Bill Menke's BLOG Page: Hybrids, yes; electrics, no.


Tesla Roadster, an electric car

Back in the 1970's my spouse and I had a little Japanese sedan that routinely performed at 35 miles per gallon. Only a few of today's gasoline-powered cars, such as the Honda Civic, get that kind of mileage. Our eagerness for high-powered cars with lots of pep and lots of accessories has eclipsed the quest for fuel economy (safety and anti-pollution considerations have contributed, too). Hybrids are the exception.

The high fuel economy of a hybrid, such as the Toyota Prius, derives from its low-powered engine. Its peppiness comes from the assist that its electric motor provides during those critical moments, such as accelerating during passing, when power (or the lack of it) is most noticeable. And since the assist is only needed momentarily, the battery can be small, recharging during the longer periods when no assist is needed. (The Prius' battery, alone, could power the car only for about 5 miles).

Hybrids are thus an eminently sensible way to recover the high-mileage glories of my 1970's Japanese sedan, without having to sacrifice performance. I'm suprised that so few auto manufacturers are offering them. I suppose that the hang-up is price - any vehicle with two power systems is bound to be more expensive than a vehicle with only one (and, indeed, the Prius is about 30% more expensive than the Civic). Manufacturers must doubt people's willingness to pay up-front for whatever savings high fuel economy eventually brings.

The utility of electric vehicles is less clear to me. Superficially, the economics seem to work. The Tesla Roadster (which I take as representative) is advertised with an efficiency of 28 kWh per 100 miles. That's $2.80 per hundred miles for the electricity, at the typical price of $0.10 per kWh. That's perhaps only 30-50 percent the cost per mile of gasoline. The problem is the impact that widespread use of electric vehicles would have on the electric power industry (and on those of us who pay for that electric power).

A typical car is driven 12,000 miles per year, or 1000 miles per month. An electric car would this use 280 kWH per month, or 644 kWh per household, given that the average household has 2.3 automobiles. US residential electricity consumption is 920 kWh per month, so switching to electric cars increases residential electric usage by 70%. That's a lot of electricity! Producing and delivering that much extra electrical power would be a problem. Hundreds of new power plants would need to be built and tens of thousands of miles of power lines would need to be upgraded. The cost would no doubt be spread over all power users, not just electric car owners.

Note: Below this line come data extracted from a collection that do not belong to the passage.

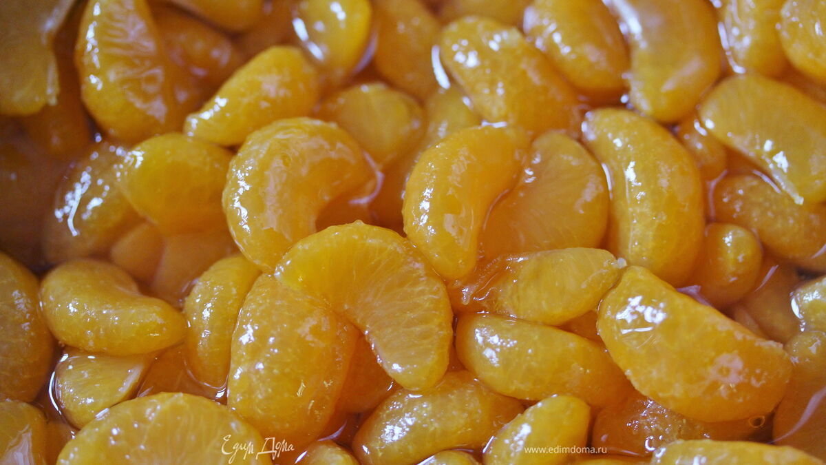 - Шаг 1Очистите мандарины, разделите на дольки, засыпьте сахаром в эмалированной посуде, перемешайте, оставьте на ночь,чтобы мандарины дали сок.
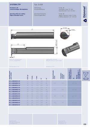 Bestellnummer part number Ø D1 g7 D min. t max. L2 L3 Spannschraube screw D1 g7 Schrauben- schlüssel wrench SSpannbereich holding capacity S Wende- Sschneidplatte indexable insert S SYSTEM ZTP Typ .0.428 Einstechen mit Bohrstange, D min. 46 zweischneidigen Wendeplatten Innenbearbeitung Stechtiefe t max. 15 mm Spannbereich S 2.0 - 6.0 mm grooving with two-cutting grooving boring bar, D min. 46 edges indexable inserts internal application depth of groove t max. 15 mm holding capacity S 2.0 - 6.0 mm D min. L2 t max. L3 S Rechts (R): wie gezeichnet righthand (R): as shown Links (L): spiegelbildlich lefthand version (L): mirror image Abmessungen in mm dimensions in mm R/L .0.428.0032.2-D 32 46 11.5 200 70 R/L .0.428.0040.2-D 40 50 11.5 250 80 912 911 2.0 - 3.0 R/L .0.428.0050.2-D 50 60 15.0 250 100 R/L .0.428.0032.3-D 32 46 11.5 200 70 R/L .0.428.0040.3-D 40 50 11.5 250 80 912 911 3.0 - 4.0 R/L .0.428.0050.3-D 50 60 15.0 250 100 R/L .0.428.0032.4-D 32 46 11.5 200 70 R/L .0.428.0040.4-D 40 50 11.5 250 80 912 911 4.0 - 5.1 R/L .0.428.0050.4-D 50 60 15.0 250 100 R/L .0.428.0032.6-D 32 46 11.5 200 70 R/L .0.428.0040.6-D 40 50 11.5 250 80 912 911 5.2 - 6.0 R/L .0.428.0050.6-D 50 60 15.0 250 100 Bestellbeispiel: order-example: für rechte Ausführung righthand version R.0.428.0032.2-D R.0.428.0032.2-D 320
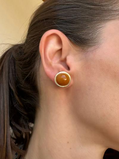 Brinco Botão Resina Dourado Marrom
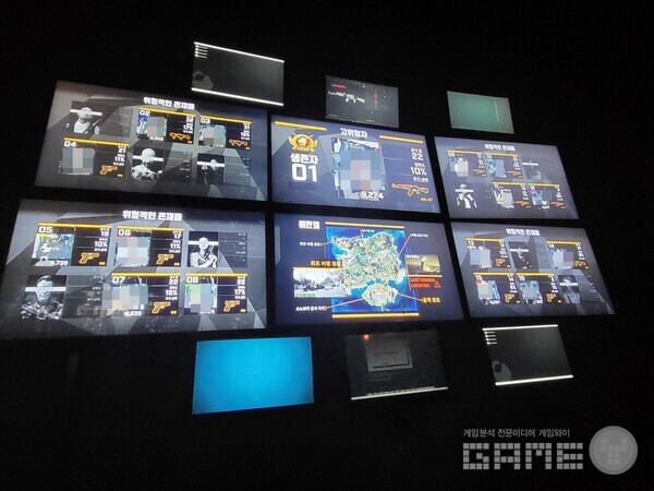 나가기전에 LED 전광판을 통해 자신의 킬 수, 명중률, 사용 무기를 확인할 수 있다. 점수순으로 정렬되는데, 기자의 경우 ‘모션 슈팅 씨어터’에서의 사진이 찍혀있었다. 1등은 전광판 가운데 크게 공개되기에 쉽게 찾을 수 있다.
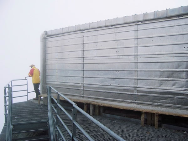 The Goûter hut – the Refuge du Goûter – is perched between snow and rock at the top of the Aiguille du Goûter. In the late afternoon, the weather worsened and the valleys below us disappeared from view.
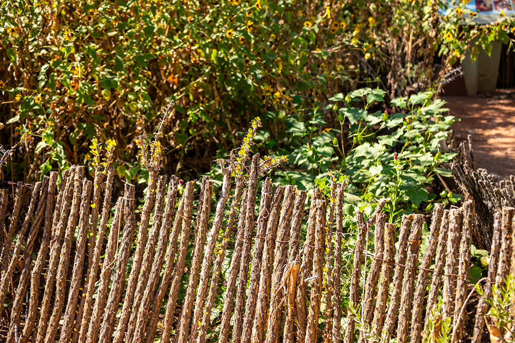 This barrier is protecting plants being grown for consumption or other uses. Look closely at the "sticks" used for the barrier. They have nasty thorns on them — which I recognize as ocotillo. These thorny sticks were quite effective in keeping out the varmints from any planted area. Note that we sell ocotillo at Lowe’s, so you could do the same thing in your garden. Ocotillo is also quite beautiful in the wetter months (or with irrigation) — tiny green leaves and beautiful bright crimson flowers.
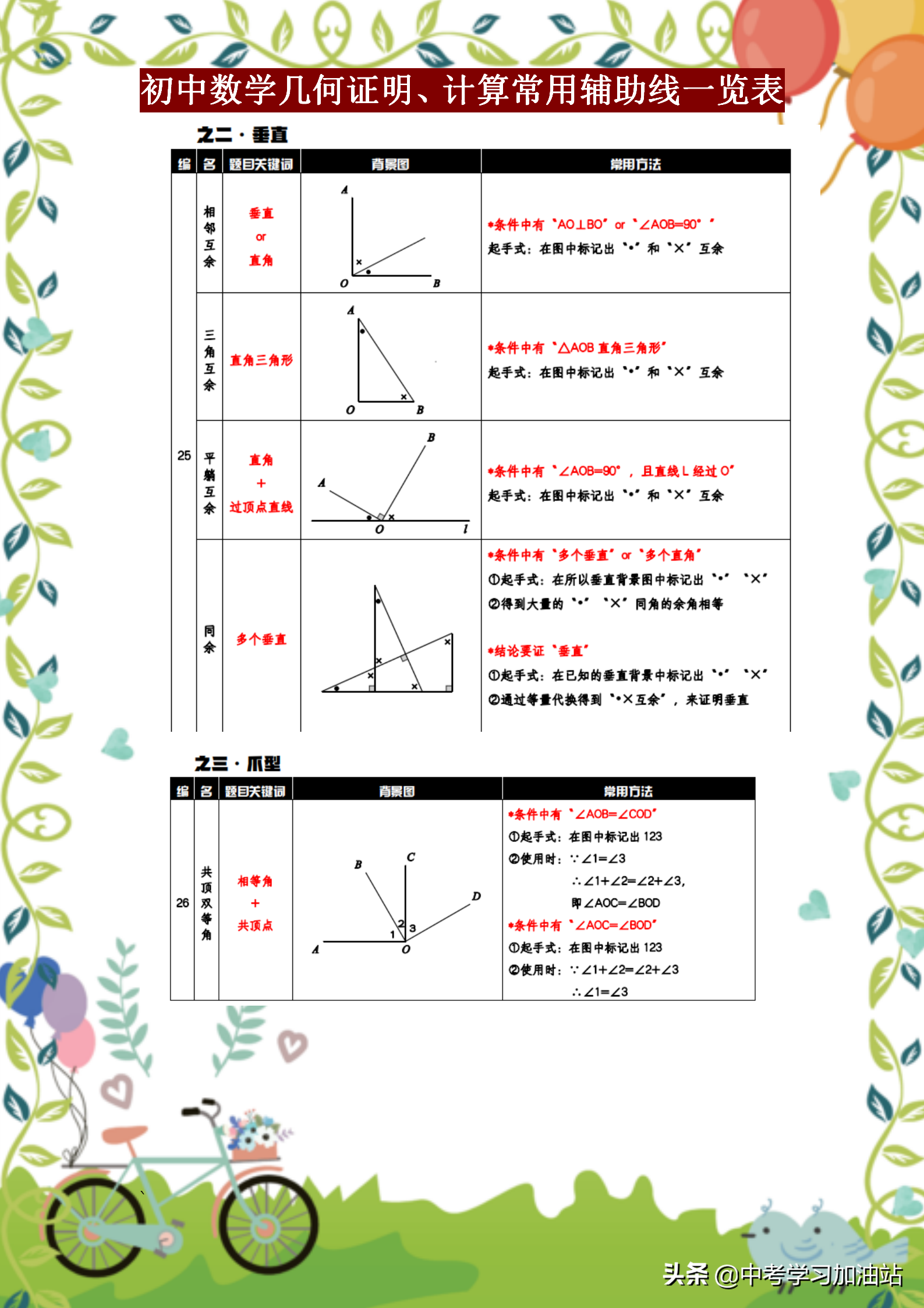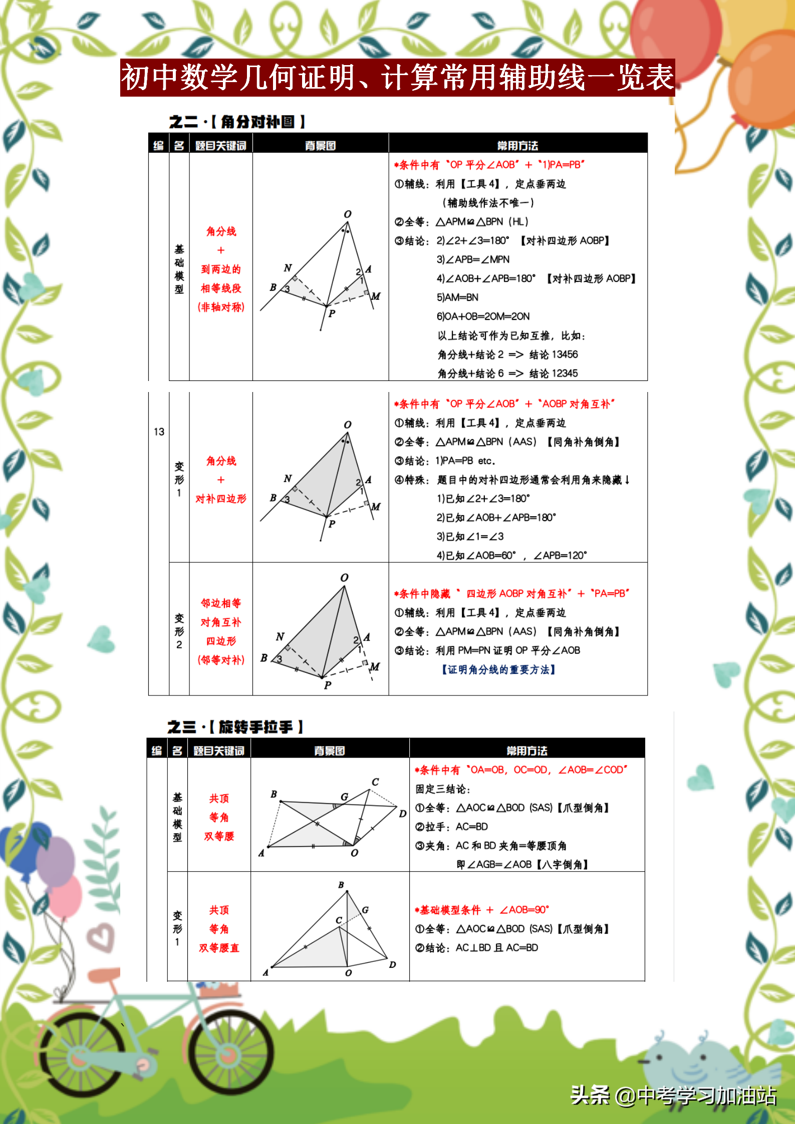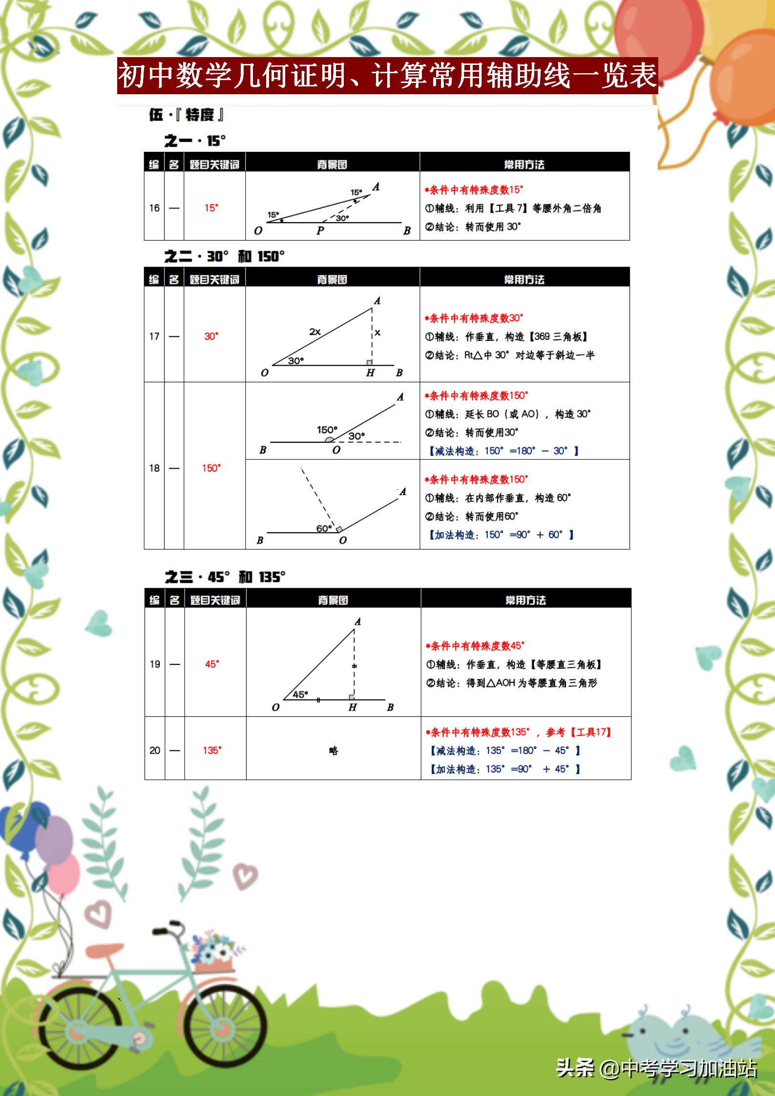 所以我们在学习几何的时候,一定要多留心辅助线,只要掌握每种图形的几何辅助线的作法,计算的证明和计算就相当的简单。在此,也是给大家分享一份30年老教师经验总结:搞定这些辅助线,轻松搞定初中数学几何证明。希望大家能够吃透!

In the US, electrical power comes 50% from coal, 20% from natural gas, 19% from nuclear, 7% from hydro, 2% from oil and 4% from everything else (including solar and wind). Coal would inevitably be the major fuel for new generating capacity, at least for the foreseeable future. Increased use of coal is undesirable from two perspectives. Coal mining is much more environmentally destructive than petroleum extraction (think mountaintop removal). And coal releases the most carbon dioxide (a greenhouse gas) per kWh of all fossil fuels.

All this is not to say that buying an electric car is necessarily a bad choice. They're attention-getting, and the designs are cool. I'd love a Tesla Roadster (should one ever be given to me). But in large numbers electric vehicles would create far-worse problems than they solve. So, a nation full of electric cars? No! Of, hybrids? Yes!